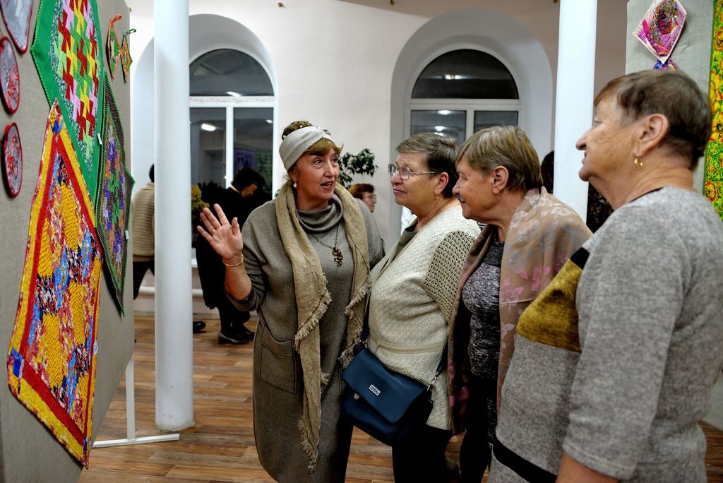 Карины, вышитые художественной гладью, соседствуют с панно, выполненными в техниках «Пиксели», «Колодец», «Витражи». Кажется, что работы мастериц кружатся в веселом праздничном танце – «Ситцевом хороводе». Работы яркие, красочные. Для многих открытие выставки стало откровением. Занимаясь тем или иным видом творчества, мы никогда не задумываемся о его истории. И лоскутное шитье, и вышивка имеют глубокие корни, даже королевские особы и аристократы наравне с крестьянами занимались рукоделием.
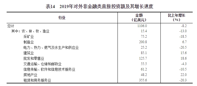 全年對外非金融類直接投資額7630億元,比上年下降4.3%,折1106億美元,下降8.2%。其中,對“一帶一路”沿線國家非金融類直接投資額150億美元,下降3.8%。
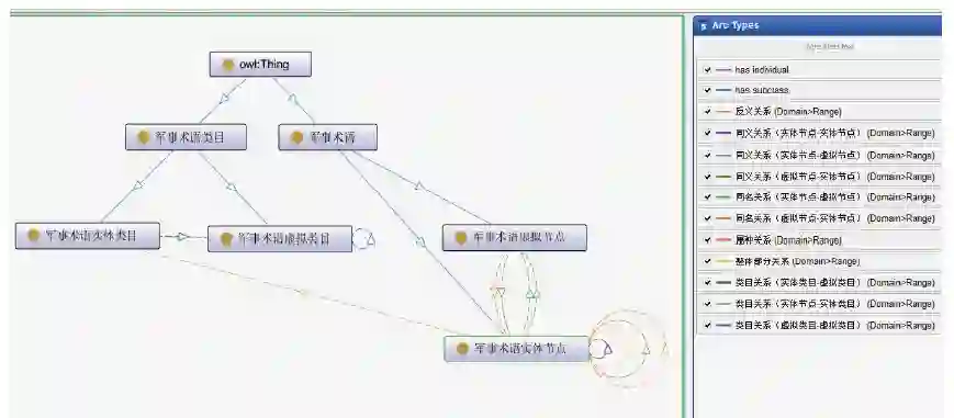 本体论源于一个哲学上的概念,是表达哲学理论的一个术语。本体是指对概念、数据和实体之间的类别、属性和关系的表示、命名和定义。Studer等人将本体定义为本体是共享概念模型的明确的形式化规范说明。该定义覆盖了本体的四大特征:共享、明确、概念化和形式化,该定义被各个领域的专家学者高度认可。通常,本体可以采用一个五元组进行表示,即O=(C, R, F, A, I)。C表示本体当中的概念,本体中的概念可以是广义上的概念,也可以是一般意义上的概念。本体中的概念通常构成一个分类层次,例如军事术语本体当中的军事思想概念、军事战略概念;R表示本体中概念之间的一种关联关系,例如军事术语的同义词是军语;F表示函数,它是本体中一种特殊的关系;A表示公理,它用于表示本体中的永真式;I表示某个概念的基本元素,即某概念类所指的具体实体,例如军事术语、陆军战略。
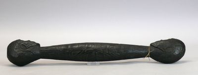 Sceptre en bois dur et lourd à patine sombre sculpté de deux…
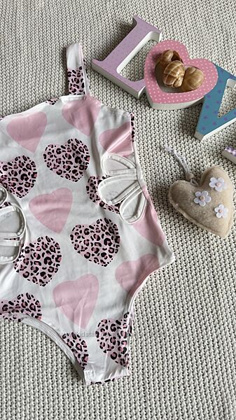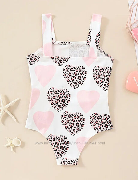 Дитячий цільний, закритий купальник ,білого кольору в рожевий леопардовий принт сердечка ,Купальник має широкі шлейки і вирізи на талії .Китай
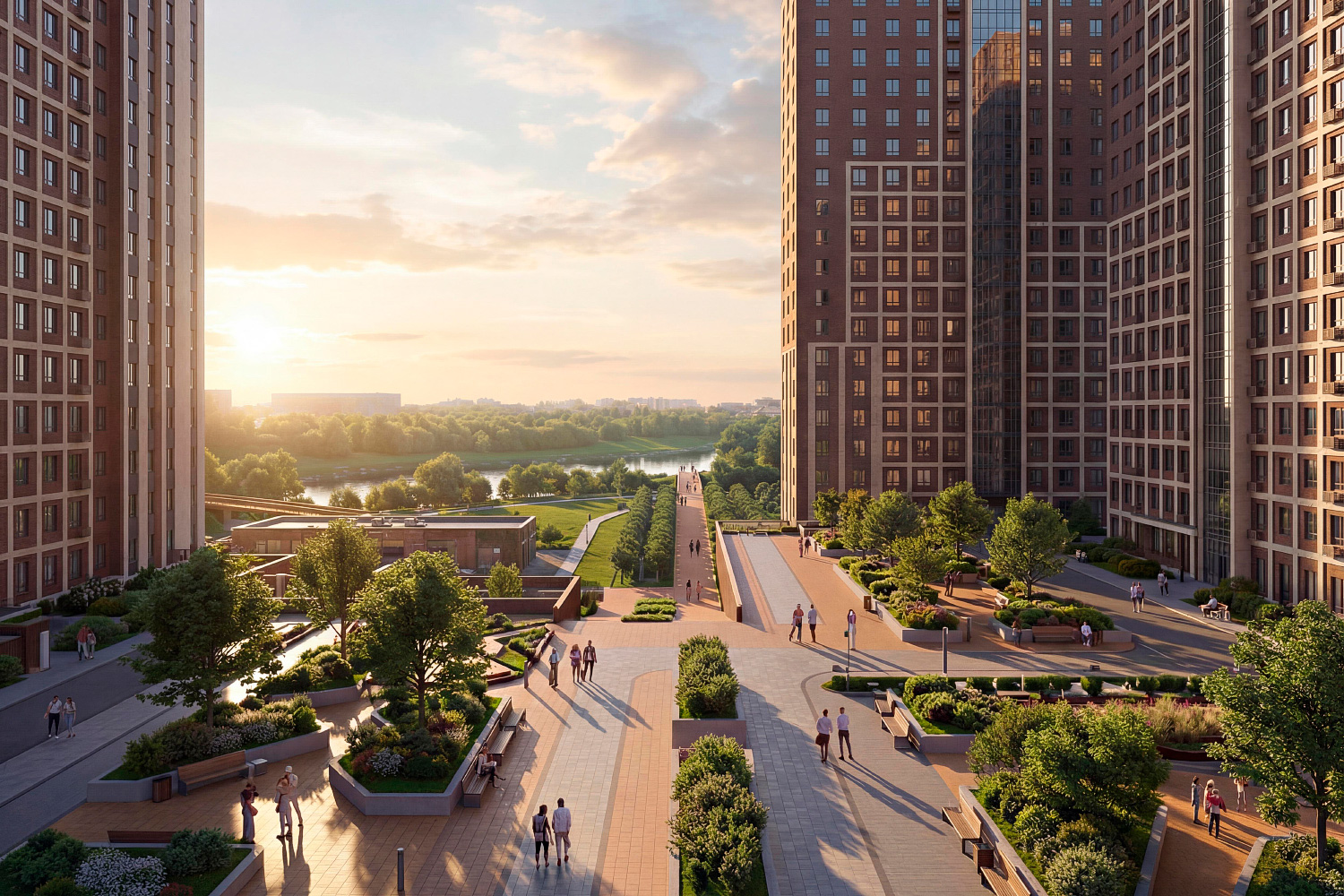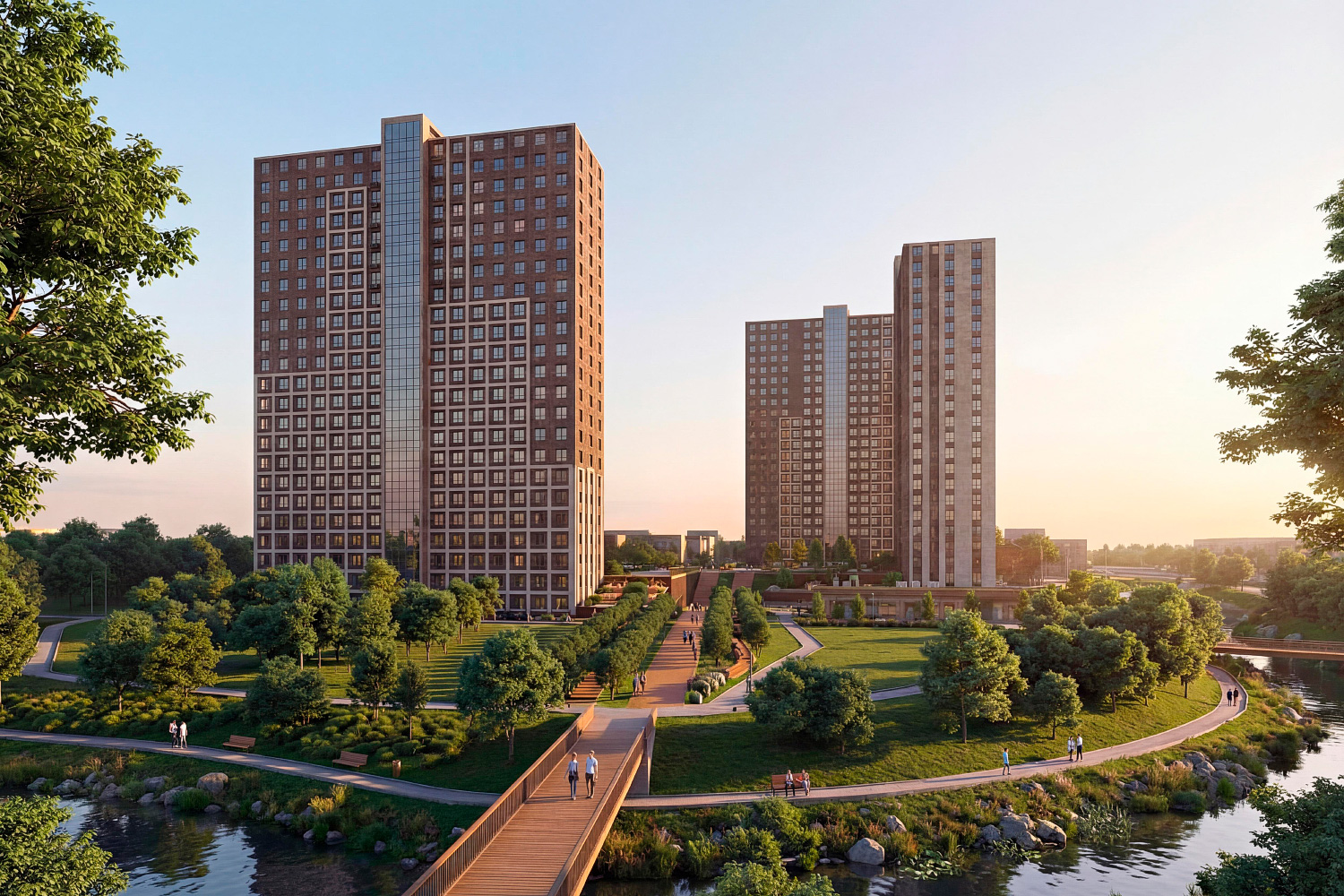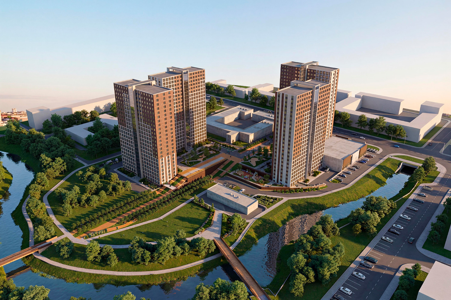 Жилой комплекс воплощает идею пути к реке: архитектура выстраивает последовательный спуск от улицы Калинина к водоёму, задавая пространству особый ритм.
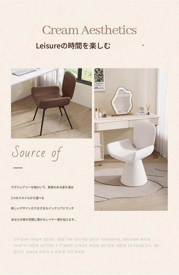高級感漂う主寝室用メイクアップチェア!クリーム風デザインの化粧台用椅子、女性のための快適な背もたれ付きネイルスツール。あなたの特別な空間を演出します!
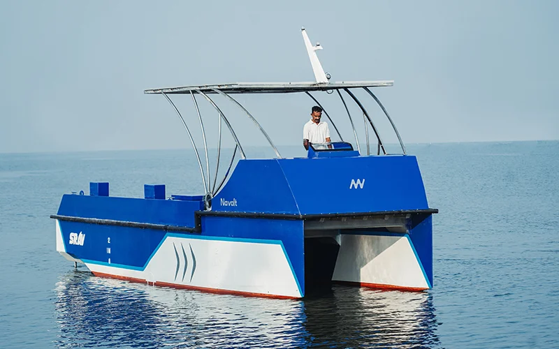 About 44 million tonnes of cargo is moved annually through these waterways using mechanized vessels and country boats, burning an unfathomable amount of fossil fuel in the process. When we electrified a mere 3kms out of these 14,500 km, within six years it measured up to planting 25000 trees. And our mission as a company that cares about the Earth and aims for cleaner and quieter oceans, is to electrify the entirety of these 14500kms, which will mean planting approximately 12,08,33,333 trees across the surface of Earth.
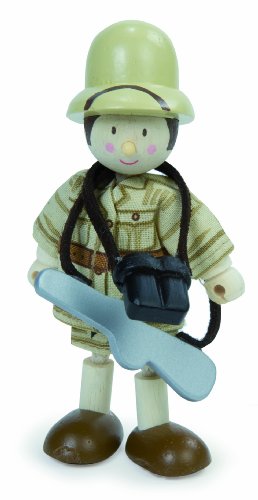 Jack the Hunter uses his tranquilizer gun to help the safari doctor;He is wearing a tan safari uniform;Includes wooden accessories;He is about 4 tall;Safari collection
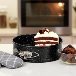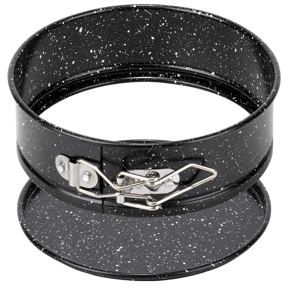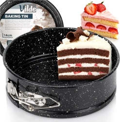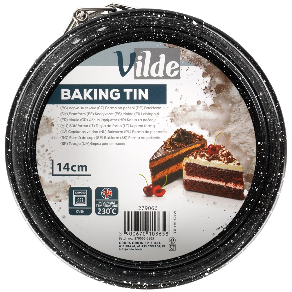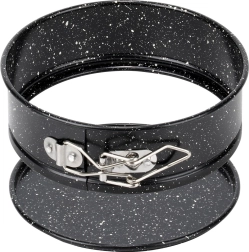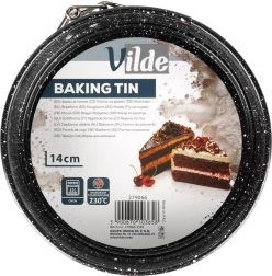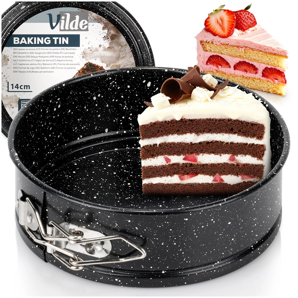 Компактна кръгла форма за торта с диаметър 14 см с разкопчаващ се ръб и подвижно дъно за лесно изваждане на десерти. Изработена от здрава въглеродна стомана с нелепливо гранитно покритие, осигурява равномерно изпичане до 230 °C. Идеална за мини торти, чийзкейкове, бисквитени блатове и студени десерти за всекидневно печене.
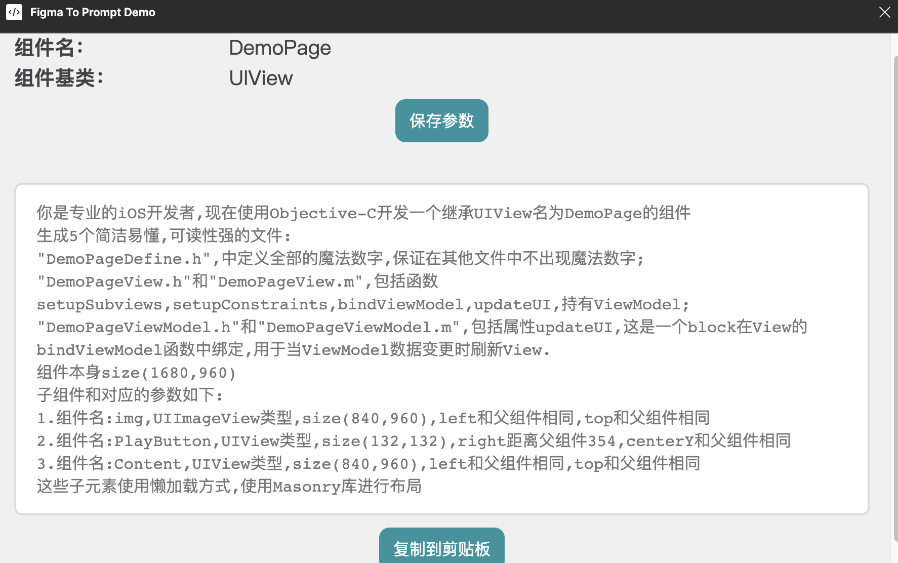 插件地址: https://www.figma.com/community/plugin/1221029912601242433/Figma-To-Prompt-Demo

#### Problem to work on:
Transcribe each line of the material above verbatim, but do not include the images.

#### Response area:
 Карины, вышитые художественной гладью, соседствуют с панно, выполненными в техниках «Пиксели», «Колодец», «Витражи». Кажется, что работы мастериц кружатся в веселом праздничном танце – «Ситцевом хороводе». Работы яркие, красочные. Для многих открытие выставки стало откровением. Занимаясь тем или иным видом творчества, мы никогда не задумываемся о его истории. И лоскутное шитье, и вышивка имеют глубокие корни, даже королевские особы и аристократы наравне с крестьянами занимались рукоделием.
 全年對外非金融類直接投資額7630億元,比上年下降4.3%,折1106億美元,下降8.2%。其中,對“一帶一路”沿線國家非金融類直接投資額150億美元,下降3.8%。
 本体论源于一个哲学上的概念,是表达哲学理论的一个术语。本体是指对概念、数据和实体之间的类别、属性和关系的表示、命名和定义。Studer等人将本体定义为本体是共享概念模型的明确的形式化规范说明。该定义覆盖了本体的四大特征:共享、明确、概念化和形式化,该定义被各个领域的专家学者高度认可。通常,本体可以采用一个五元组进行表示,即O=(C, R, F, A, I)。C表示本体当中的概念,本体中的概念可以是广义上的概念,也可以是一般意义上的概念。本体中的概念通常构成一个分类层次,例如军事术语本体当中的军事思想概念、军事战略概念;R表示本体中概念之间的一种关联关系,例如军事术语的同义词是军语;F表示函数,它是本体中一种特殊的关系;A表示公理,它用于表示本体中的永真式;I表示某个概念的基本元素,即某概念类所指的具体实体,例如军事术语、陆军战略。
 Sceptre en bois dur et lourd à patine sombre sculpté de deux…
 Дитячий цільний, закритий купальник ,білого кольору в рожевий леопардовий принт сердечка ,Купальник має широкі шлейки і вирізи на талії .Китай
 Жилой комплекс воплощает идею пути к реке: архитектура выстраивает последовательный спуск от улицы Калинина к водоёму, задавая пространству особый ритм.
高級感漂う主寝室用メイクアップチェア!クリーム風デザインの化粧台用椅子、女性のための快適な背もたれ付きネイルスツール。あなたの特別な空間を演出します!
 About 44 million tonnes of cargo is moved annually through these waterways using mechanized vessels and country boats, burning an unfathomable amount of fossil fuel in the process. When we electrified a mere 3kms out of these 14,500 km, within six years it measured up to planting 25000 trees. And our mission as a company that cares about the Earth and aims for cleaner and quieter oceans, is to electrify the entirety of these 14500kms, which will mean planting approximately 12,08,33,333 trees across the surface of Earth.
 Jack the Hunter uses his tranquilizer gun to help the safari doctor;He is wearing a tan safari uniform;Includes wooden accessories;He is about 4 tall;Safari collection
 Компактна кръгла форма за торта с диаметър 14 см с разкопчаващ се ръб и подвижно дъно за лесно изваждане на десерти. Изработена от здрава въглеродна стомана с нелепливо гранитно покритие, осигурява равномерно изпичане до 230 °C. Идеална за мини торти, чийзкейкове, бисквитени блатове и студени десерти за всекидневно печене.
 插件地址: https://www.figma.com/community/plugin/1221029912601242433/Figma-To-Prompt-Demo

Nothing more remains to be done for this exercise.